◆ **EXERCISE DATA**
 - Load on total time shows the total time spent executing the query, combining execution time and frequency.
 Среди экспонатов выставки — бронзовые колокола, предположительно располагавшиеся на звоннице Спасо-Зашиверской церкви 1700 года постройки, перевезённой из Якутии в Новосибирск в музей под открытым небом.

---

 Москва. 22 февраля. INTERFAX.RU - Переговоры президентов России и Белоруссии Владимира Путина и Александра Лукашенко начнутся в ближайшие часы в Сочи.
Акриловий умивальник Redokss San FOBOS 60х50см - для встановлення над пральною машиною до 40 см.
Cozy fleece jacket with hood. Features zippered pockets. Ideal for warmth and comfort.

--

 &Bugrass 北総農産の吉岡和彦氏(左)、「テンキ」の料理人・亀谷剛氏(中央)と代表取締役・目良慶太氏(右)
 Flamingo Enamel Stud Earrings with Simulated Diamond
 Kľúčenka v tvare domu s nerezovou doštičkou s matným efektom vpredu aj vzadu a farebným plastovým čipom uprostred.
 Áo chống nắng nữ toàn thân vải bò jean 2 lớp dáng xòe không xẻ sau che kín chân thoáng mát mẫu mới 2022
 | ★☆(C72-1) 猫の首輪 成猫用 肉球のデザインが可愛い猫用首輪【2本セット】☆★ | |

◆ **WORK TASK**
Start with the line above that contains "- Load on total" and end with the line that contains "Среди экспонатов выставки". Write out those lines exactly, and only those.

◆ **ANSWER AREA**
 - Load on total time shows the total time spent executing the query, combining execution time and frequency.
 Среди экспонатов выставки — бронзовые колокола, предположительно располагавшиеся на звоннице Спасо-Зашиверской церкви 1700 года постройки, перевезённой из Якутии в Новосибирск в музей под открытым небом.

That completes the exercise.